-- Work request --
Omit the pictures. Transcribe exactly the lines below, from the one with "The Backstage Overall" up to and including the last.

Extracted records
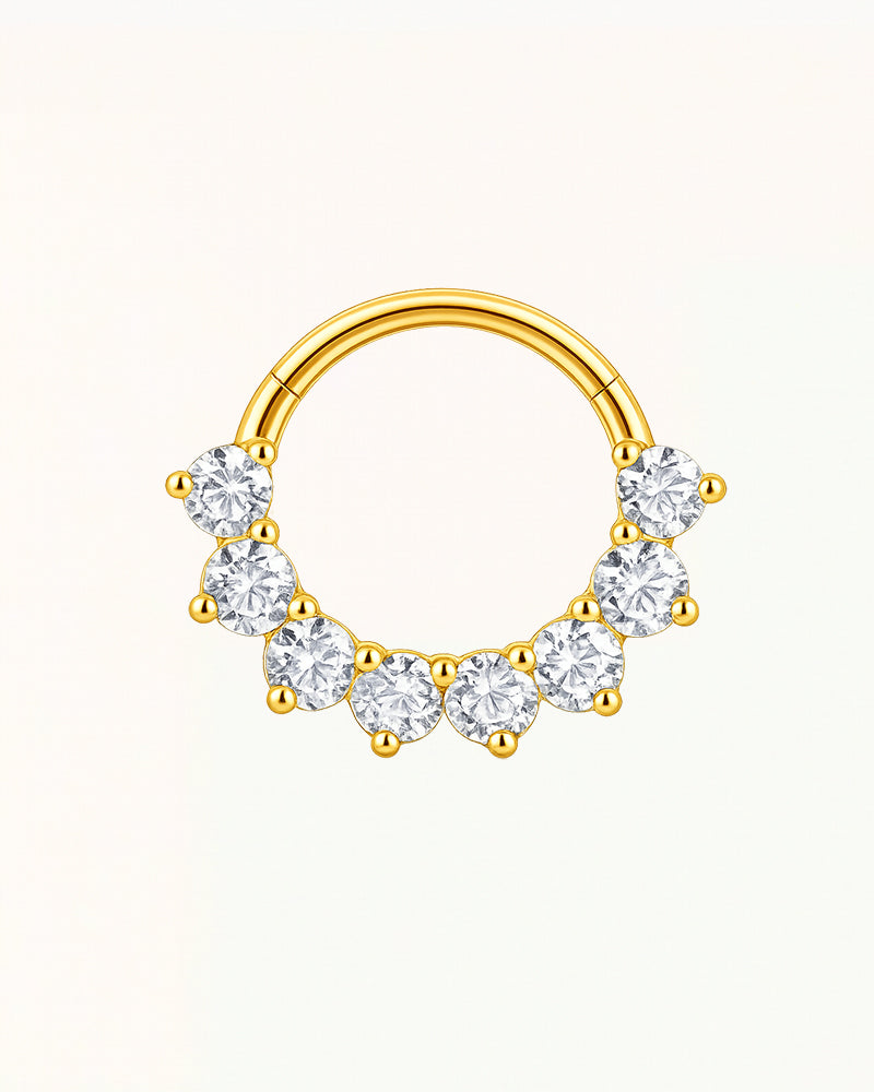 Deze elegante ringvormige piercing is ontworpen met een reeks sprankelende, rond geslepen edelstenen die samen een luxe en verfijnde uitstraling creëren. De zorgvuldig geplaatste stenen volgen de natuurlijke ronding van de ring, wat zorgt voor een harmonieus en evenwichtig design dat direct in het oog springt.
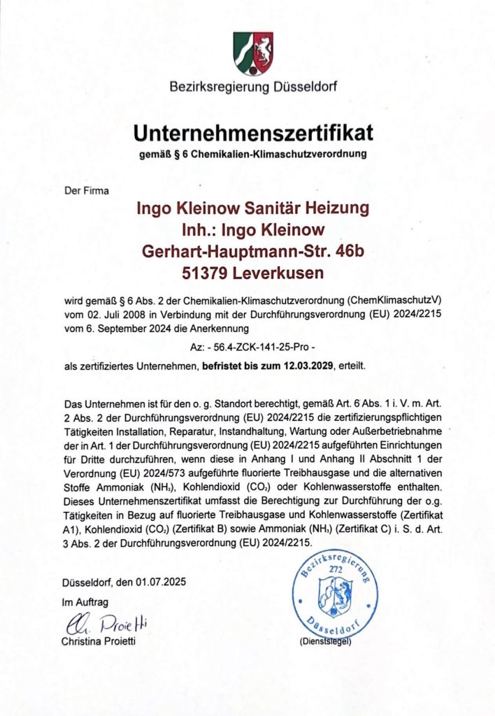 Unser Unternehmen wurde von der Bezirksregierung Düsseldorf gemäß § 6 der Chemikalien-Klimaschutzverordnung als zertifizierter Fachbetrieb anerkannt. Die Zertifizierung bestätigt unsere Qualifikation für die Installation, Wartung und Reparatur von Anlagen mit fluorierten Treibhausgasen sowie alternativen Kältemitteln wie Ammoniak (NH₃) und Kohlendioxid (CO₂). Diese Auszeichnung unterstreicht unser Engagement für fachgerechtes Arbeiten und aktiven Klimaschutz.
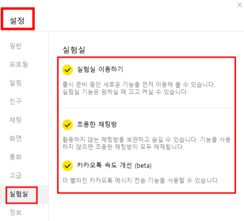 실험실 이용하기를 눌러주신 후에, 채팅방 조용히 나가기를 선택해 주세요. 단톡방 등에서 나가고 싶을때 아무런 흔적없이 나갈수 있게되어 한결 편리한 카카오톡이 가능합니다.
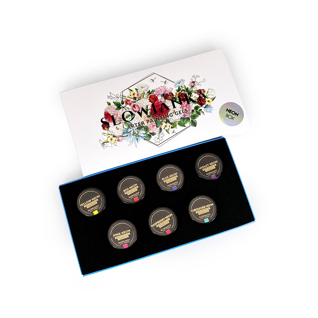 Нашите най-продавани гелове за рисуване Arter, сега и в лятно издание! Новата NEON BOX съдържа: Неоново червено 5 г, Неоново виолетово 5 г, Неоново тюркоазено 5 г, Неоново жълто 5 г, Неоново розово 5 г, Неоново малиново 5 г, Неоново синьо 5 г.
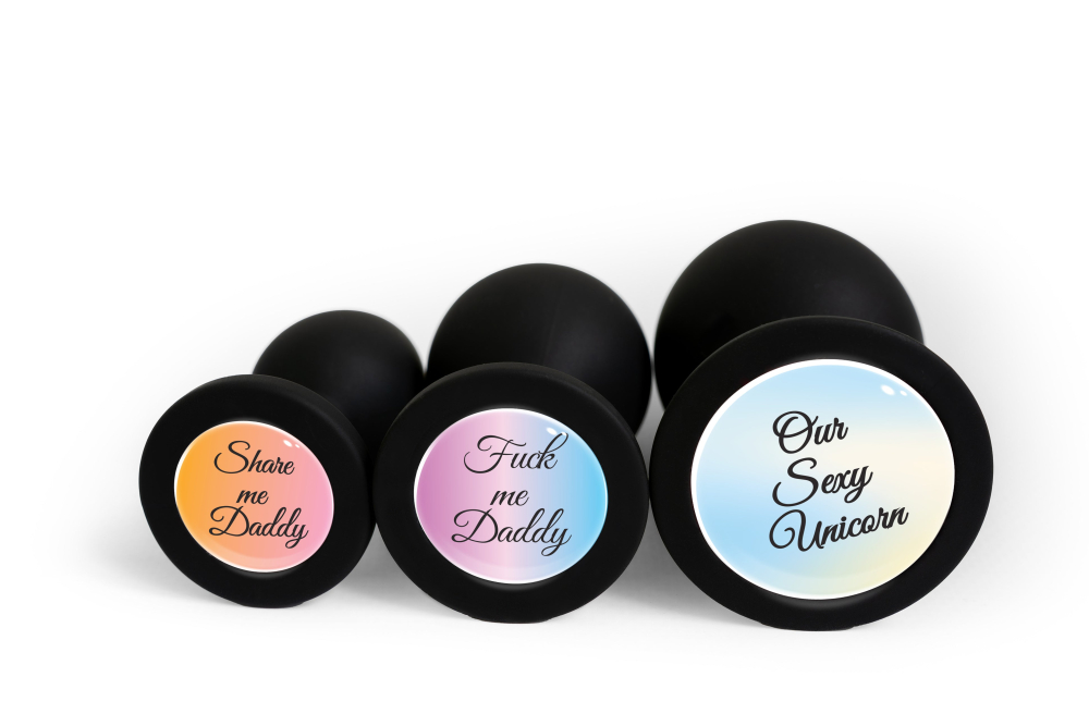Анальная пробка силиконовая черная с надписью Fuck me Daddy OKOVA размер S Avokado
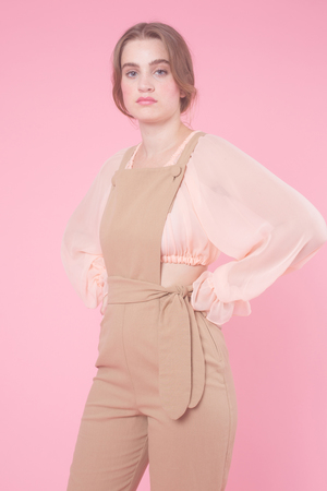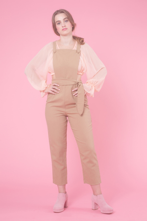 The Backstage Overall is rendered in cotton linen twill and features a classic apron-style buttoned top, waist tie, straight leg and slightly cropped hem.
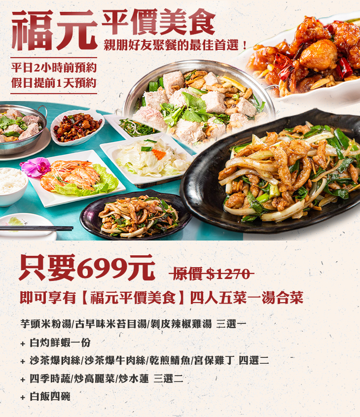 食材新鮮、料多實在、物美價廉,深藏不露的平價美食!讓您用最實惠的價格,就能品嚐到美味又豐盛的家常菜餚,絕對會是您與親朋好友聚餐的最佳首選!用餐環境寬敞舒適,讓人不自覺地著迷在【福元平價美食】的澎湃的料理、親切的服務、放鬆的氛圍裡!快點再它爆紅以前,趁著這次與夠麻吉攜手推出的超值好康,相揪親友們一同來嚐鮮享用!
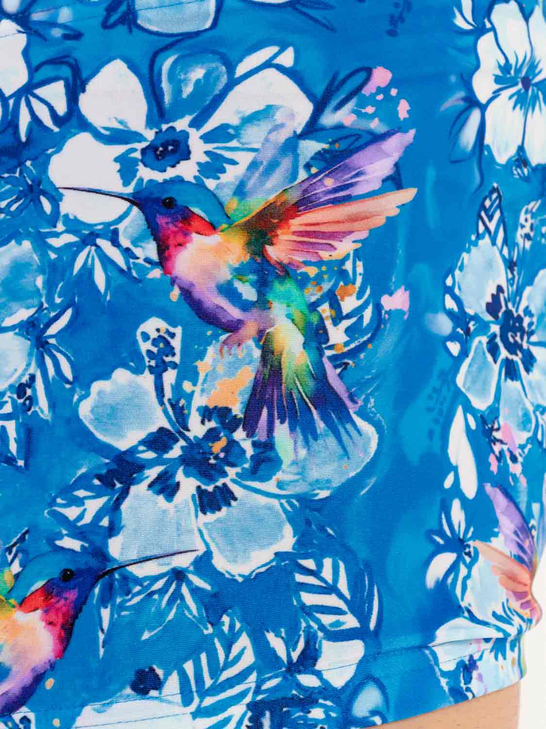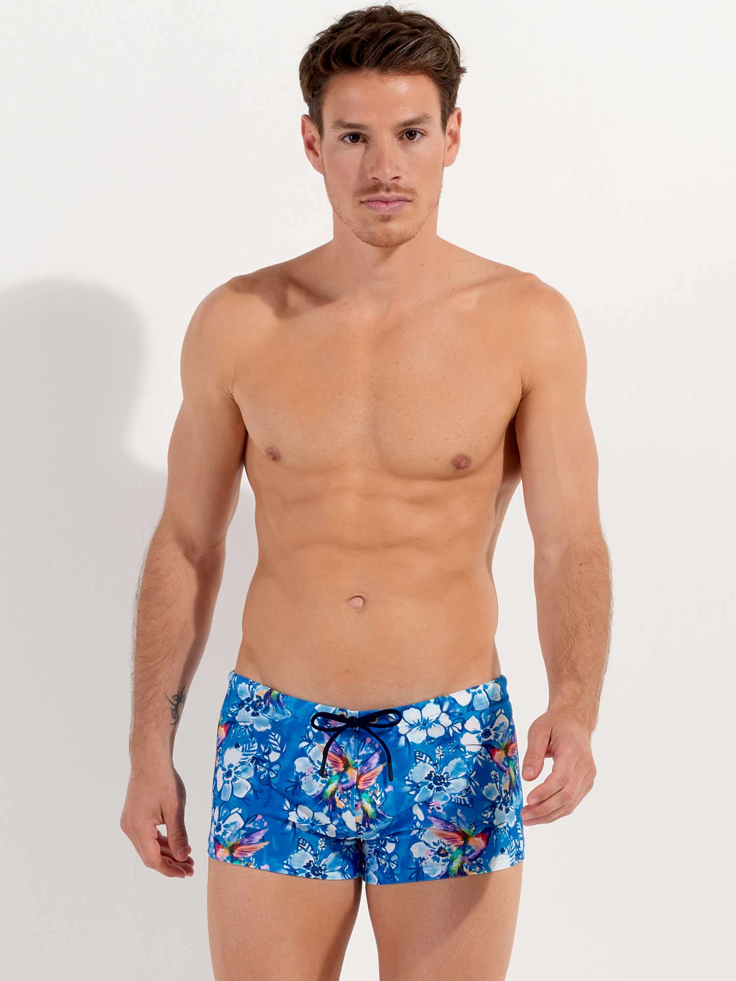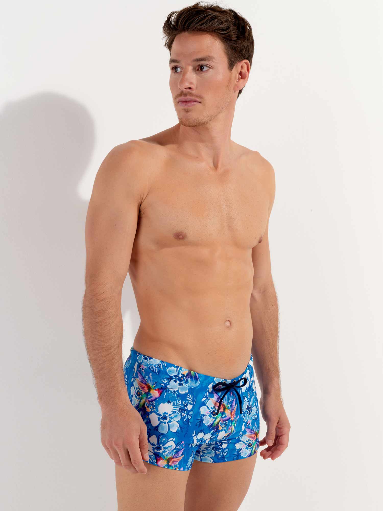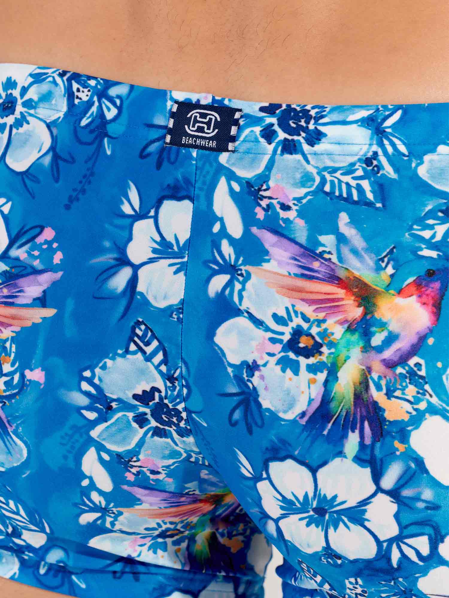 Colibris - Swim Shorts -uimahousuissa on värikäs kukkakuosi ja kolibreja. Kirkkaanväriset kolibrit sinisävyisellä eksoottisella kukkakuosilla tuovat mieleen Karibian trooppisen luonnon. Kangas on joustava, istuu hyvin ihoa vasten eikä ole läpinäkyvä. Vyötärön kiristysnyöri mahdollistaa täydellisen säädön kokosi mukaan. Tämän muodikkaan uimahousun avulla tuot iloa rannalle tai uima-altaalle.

-- Response box --
 The Backstage Overall is rendered in cotton linen twill and features a classic apron-style buttoned top, waist tie, straight leg and slightly cropped hem.
 食材新鮮、料多實在、物美價廉,深藏不露的平價美食!讓您用最實惠的價格,就能品嚐到美味又豐盛的家常菜餚,絕對會是您與親朋好友聚餐的最佳首選!用餐環境寬敞舒適,讓人不自覺地著迷在【福元平價美食】的澎湃的料理、親切的服務、放鬆的氛圍裡!快點再它爆紅以前,趁著這次與夠麻吉攜手推出的超值好康,相揪親友們一同來嚐鮮享用!
 Colibris - Swim Shorts -uimahousuissa on värikäs kukkakuosi ja kolibreja. Kirkkaanväriset kolibrit sinisävyisellä eksoottisella kukkakuosilla tuovat mieleen Karibian trooppisen luonnon. Kangas on joustava, istuu hyvin ihoa vasten eikä ole läpinäkyvä. Vyötärön kiristysnyöri mahdollistaa täydellisen säädön kokosi mukaan. Tämän muodikkaan uimahousun avulla tuot iloa rannalle tai uima-altaalle.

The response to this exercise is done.